Omit the images, then print each record below exactly as it reads.

GIVEN INFORMATION —
=-=-=-=-=
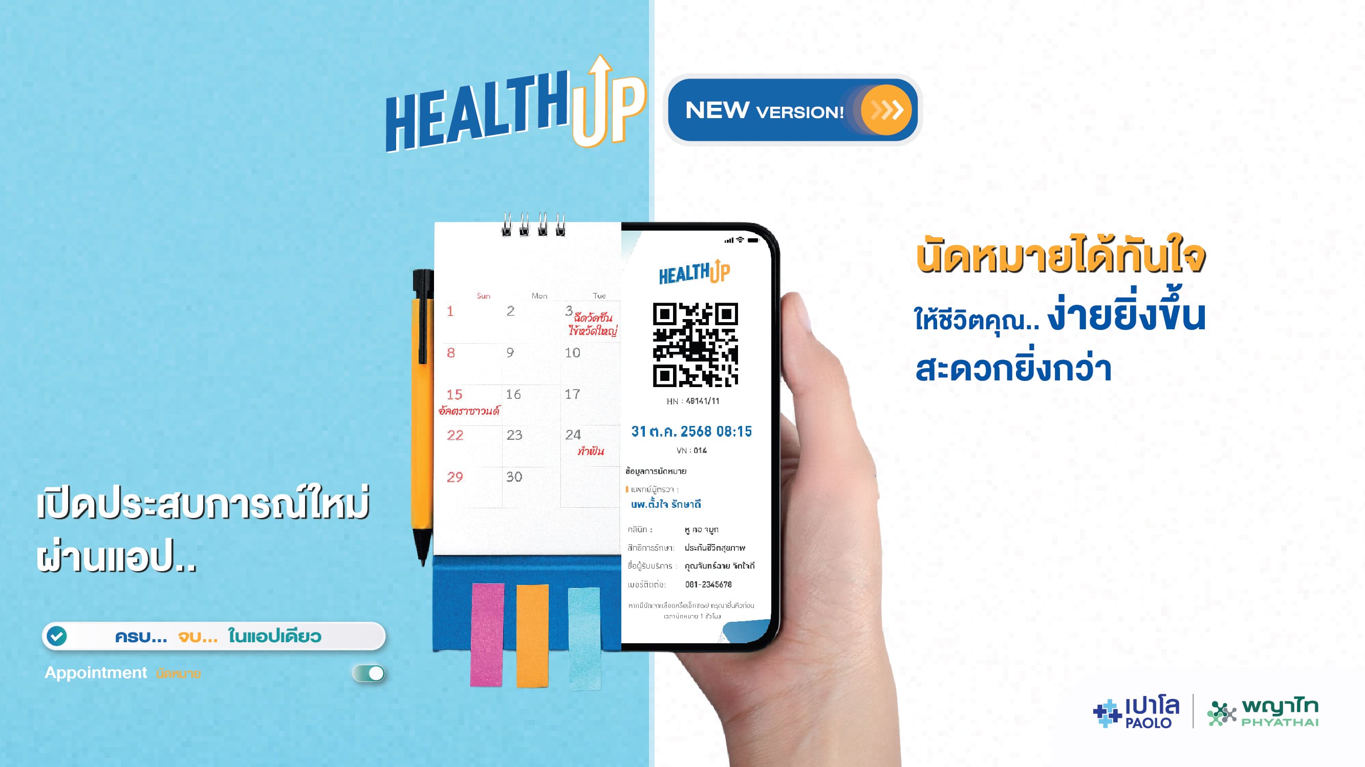 ผู้ใช้งานยุคใหม่ไม่ต้องเสียเวลาอีกต่อไป! เพราะวันนี้โรงพยาบาลเปาโล เกษตร พร้อมเปิดให้บริการผ่าน แอปพลิเคชัน HealthUp แล้ว แอปฯ เดียวที่ช่วยให้การดูแลสุขภาพเป็นเรื่องง่าย สะดวก และครบวงจรในปลายนิ้ว
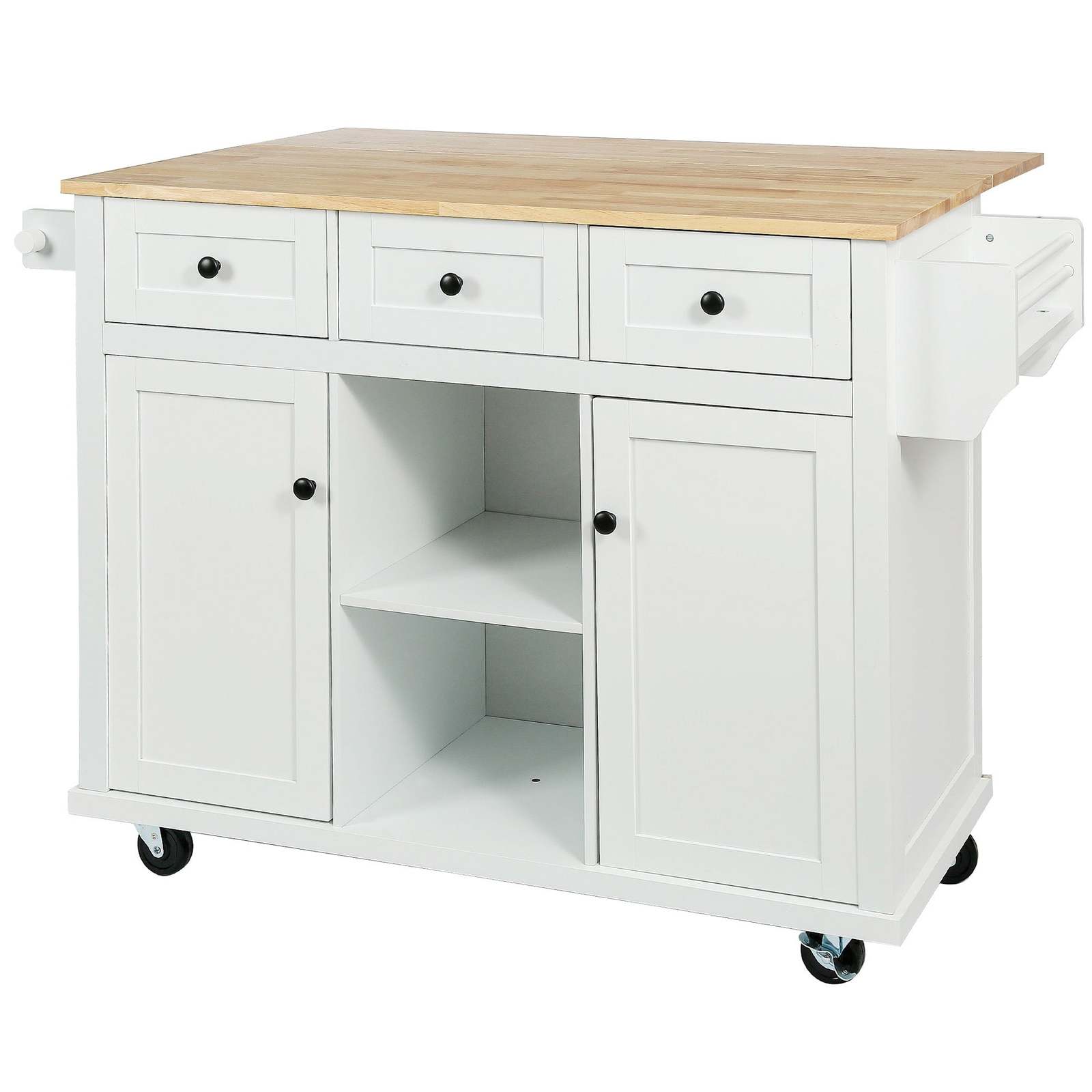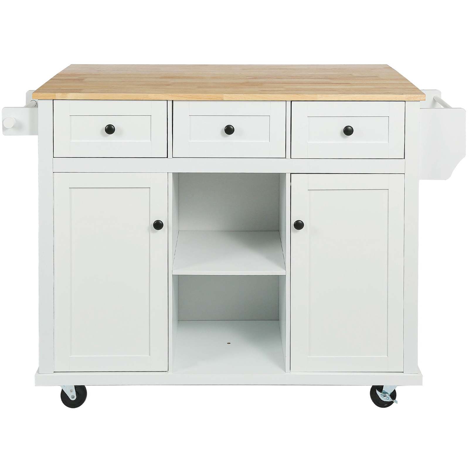 White Kitchen Island Cart: 3 Drawers, Rubberwood
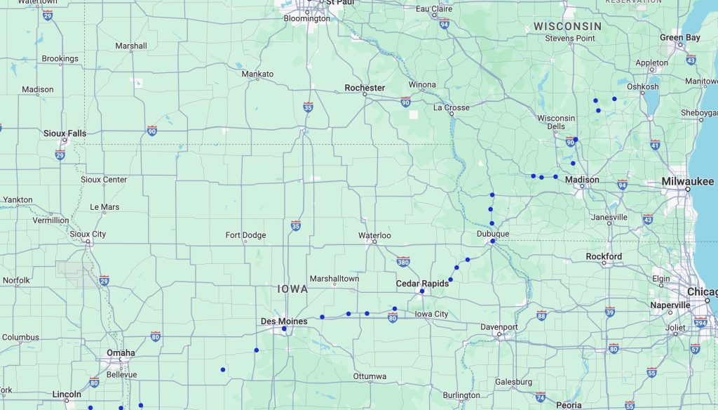 Although they weren’t in the market for any land, as they traveled they inquired about the local price of land. They found that land near Dubuque, Iowa was selling for $25 per acre. Near Marengo on the Iowa River, land was going for $10 to $40 per acre depending on the specific property. And, later on they found an area where land would only cost them $15 to $20 per acre.
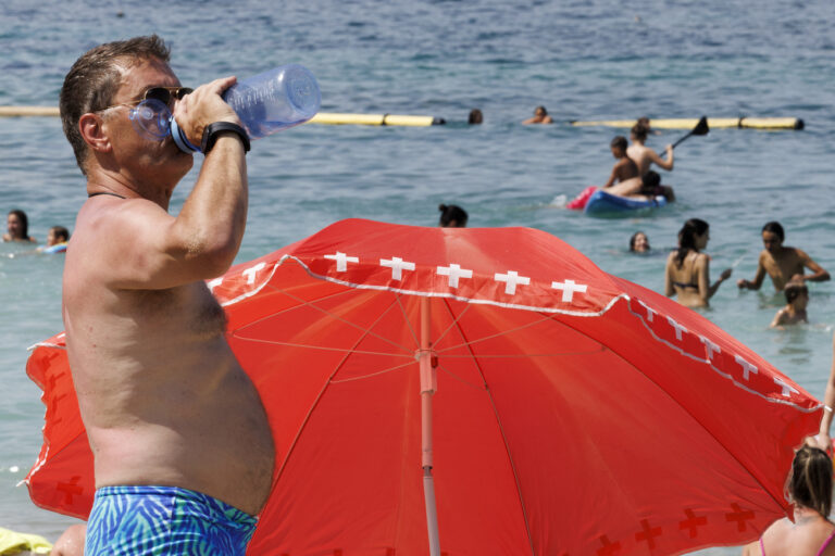 Joel drinks water on the Baby plage on the bank of the Geneva lake, in ...
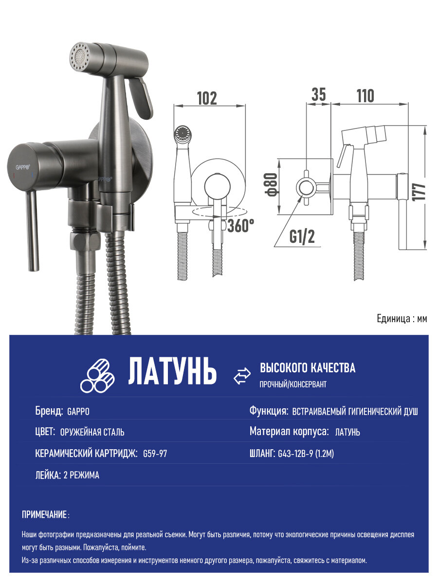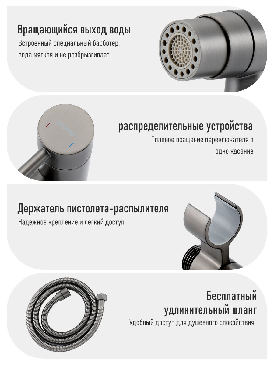 СохранитьВстраиваемый гигиенический душ со смесителем Смеситель для биде Gappo G7206-9 оружейная сталь интересное:
=-=-=-=-=
EXERCISE SOLUTION —
 ผู้ใช้งานยุคใหม่ไม่ต้องเสียเวลาอีกต่อไป! เพราะวันนี้โรงพยาบาลเปาโล เกษตร พร้อมเปิดให้บริการผ่าน แอปพลิเคชัน HealthUp แล้ว แอปฯ เดียวที่ช่วยให้การดูแลสุขภาพเป็นเรื่องง่าย สะดวก และครบวงจรในปลายนิ้ว
 White Kitchen Island Cart: 3 Drawers, Rubberwood
 Although they weren’t in the market for any land, as they traveled they inquired about the local price of land. They found that land near Dubuque, Iowa was selling for $25 per acre. Near Marengo on the Iowa River, land was going for $10 to $40 per acre depending on the specific property. And, later on they found an area where land would only cost them $15 to $20 per acre.
 Joel drinks water on the Baby plage on the bank of the Geneva lake, in ...
 СохранитьВстраиваемый гигиенический душ со смесителем Смеситель для биде Gappo G7206-9 оружейная сталь интересное:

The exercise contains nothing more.